The retailer, led by Conservative peer Lord Simon Wolfson, said it did not believe the UK was heading for an immediate economic crash but stressed that the outlook remained deeply concerning. Announcing its half-year results to July, the company warned that the medium- to long-term prospects for the economy looked bleak.
“At best we expect anaemic growth, with progress constrained by four factors: declining job opportunities, new regulation that erodes competitiveness, government spending commitments that are beyond its means, and a rising tax burden that undermines national productivity,” the company said.
Shares in Next fell by as much as 6% on Thursday before recovering slightly, leaving it the biggest faller on the FTSE 100 despite posting strong results. The firm reported a near 18% rise in pre-tax profits to £509 million, with sales climbing 10.3% to £3.3 billion. A dividend of 87p per share, worth £99 million in total, will be returned to shareholders.
The business said warm spring and summer weather, alongside disruption at competitor Marks & Spencer following a cyber-attack, boosted sales of higher-quality clothing and homeware.
Lord Wolfson noted that job vacancies at Next had dropped by 35% in two years, largely due to better staff retention. Applications, meanwhile, had risen by 76%. While he welcomed the stronger retention figures, he suggested the wider trend reflected a nationwide decline in vacancies.

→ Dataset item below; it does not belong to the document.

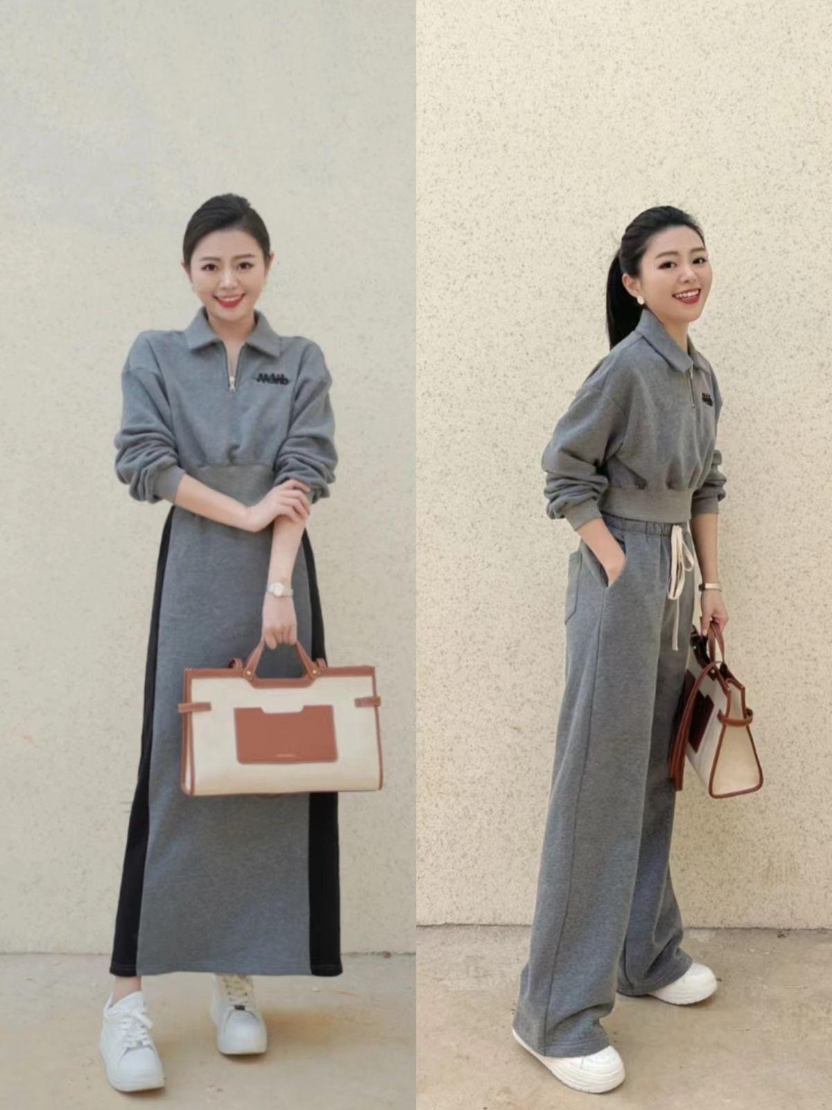 We can make the look more handsome by choosing a lapel style, paired with a long skirt and casual sweatpants, which is comfortable and effortless, fashionable and makes the legs look longer.

He also predicted that automation and artificial intelligence would reshape the labour market, cutting costs and boosting productivity but reducing entry-level opportunities. “My guess is that the effect is going to be felt most by those seeking to enter the workforce or move jobs, rather than those who are already in employment,” he said.
Next has long criticised government tax policy, particularly last year’s rise in employers’ national insurance contributions. On Thursday, Lord Wolfson also attacked the proposed employment rights bill, currently before Parliament, which aims to ban zero-hours contracts, end fire-and-rehire practices, and expand sick pay entitlement.
He argued that unless ministers define “low-hour” contracts reasonably, the reforms could hinder flexibility and harm both businesses and workers. “If they do, they will achieve their aims of eliminating the abuses of zero-hour contracts without having an adverse impact on flexible working. If that number is set too high, it will be bad for service and bad for employees,” he warned.
Despite concerns over the UK’s economic direction, analysts at Peel Hunt described Next’s performance as robust, noting upgrades each quarter. “While Next has reservations on the underlying UK economy and the challenges facing retailers, there is also an increasing confidence on the group’s growth potential and execution,” the broker said.